Ampicillin

 Risk Factor: B
 Class: ANTI-INFECTIVES / Penicillins

Contents of this page:

Fetal Risk Summary
Breast Feeding Summary
References
Questions and Answers

Fetal Risk Summary


Ampicillin is a penicillin antibiotic (see also Penicillin G). The drug rapidly crosses the placenta into the fetal circulation and amniotic fluid (1,2,3,4,5 and 6). Fetal serum levels can be detected within 30 minutes and equilibrate with maternal serum in 1 hour. Amniotic fluid levels can be detected in 90 minutes, reaching 20% of the maternal serum peak in about 8 hours. The pharmacokinetics of ampicillin during pregnancy have been reported (7,8).

Ampicillin depresses both plasma-bound and urinary excreted estriol by inhibiting steroid conjugate hydrolysis in the gut (9,10,11,12 and 13). Urinary estriol was formerly used to assess the condition of the fetoplacental unit, depressed levels being associated with fetal distress. This assessment is now made by measuring plasma unconjugated estriol, which is not usually affected by ampicillin. An interaction between ampicillin and oral contraceptives resulting in pregnancy has been suspected (14,15). Two studies, however, failed to confirm this interaction and concluded that alternate contraceptive methods were not necessary during ampicillin therapy (16,17).

The use of ampicillin in early pregnancy was associated with a prevalence ratio estimate of 3.3 (90% confidence intervals [CI] 1.38.1, p=0.02) for congenital heart disease in a retrospective study (18). A specific defect, transposition of the great arteries, had a risk of 7.7 (90% CI 1.338) based on exposure in 2 of the 29 infants with the anomaly. The investigators did note, however, that the results had to be viewed cautiously because the data were subject to recall bias (drug histories were taken by questionnaire or telephone up to a year after presumed exposure) and the study could not distinguish between the fetal effects of the drug versus those of the infectious agent(s) for which the drugs were used. Others have also shared this concern (19). Other reports linking the use of ampicillin with congenital defects have not been located.

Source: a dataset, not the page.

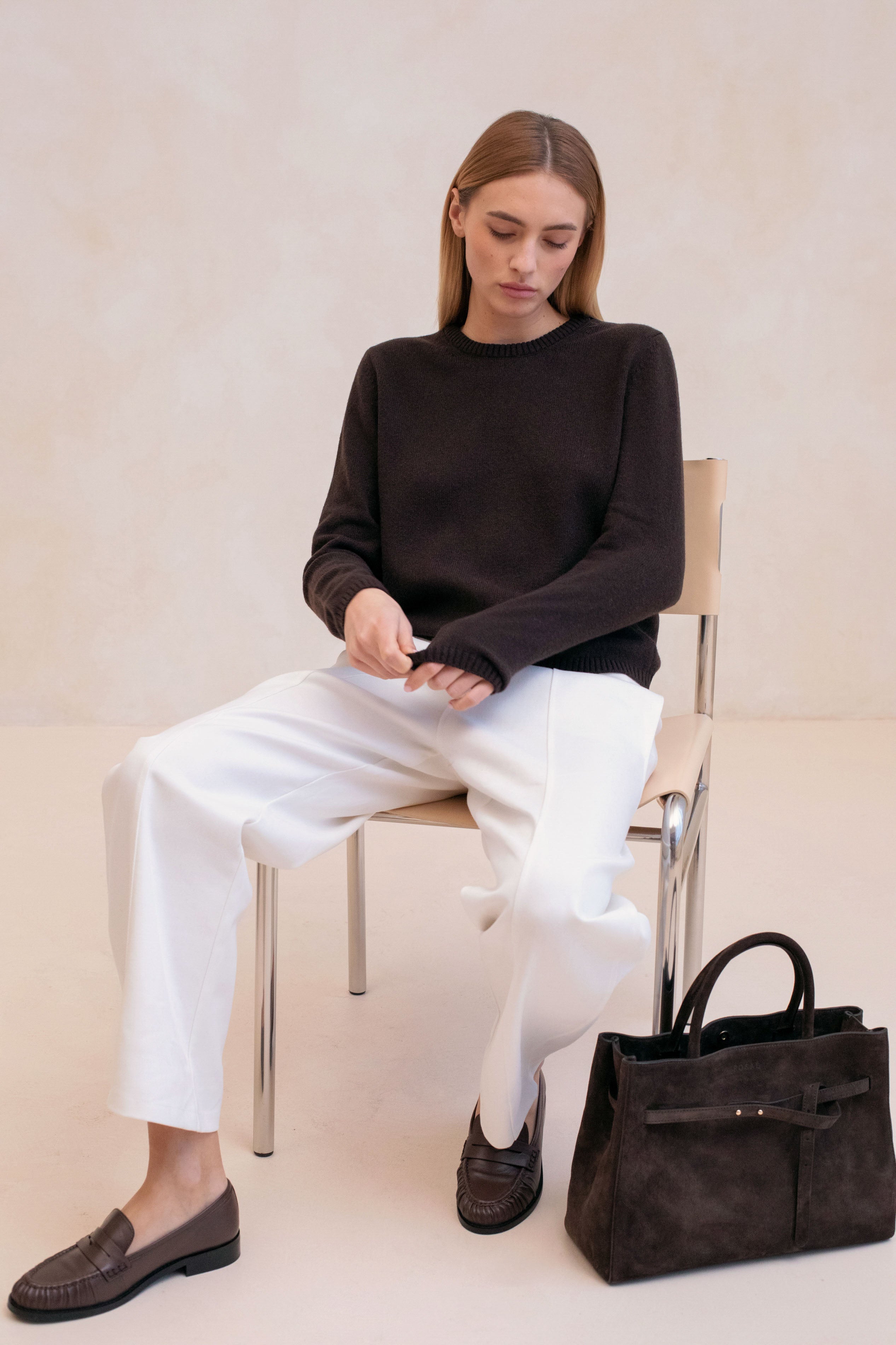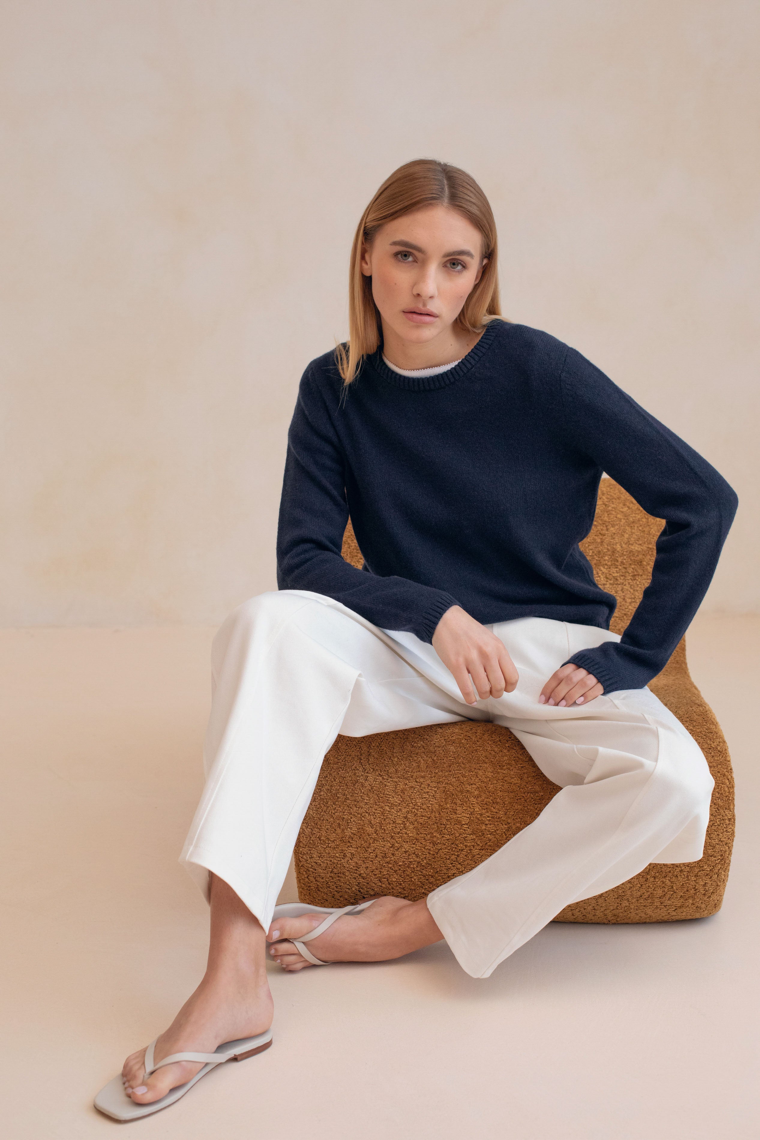 True wardrobe essential, the classic slightly fitted crewneck knit is one of the most timeless and versatile piece there is, one you can easily style whatever the occasion.

The Collaborative Perinatal Project monitored 50,282 mother-child pairs, 3,546 of whom had 1st trimester exposure to penicillin derivatives (20, pp. 297313). For use anytime during pregnancy, 7,171 exposures were recorded (20, p. 435). In neither group was evidence found to suggest a relationship to large categories of major or minor malformations or to individual defects. Based on these data, it is unlikely that ampicillin is teratogenic.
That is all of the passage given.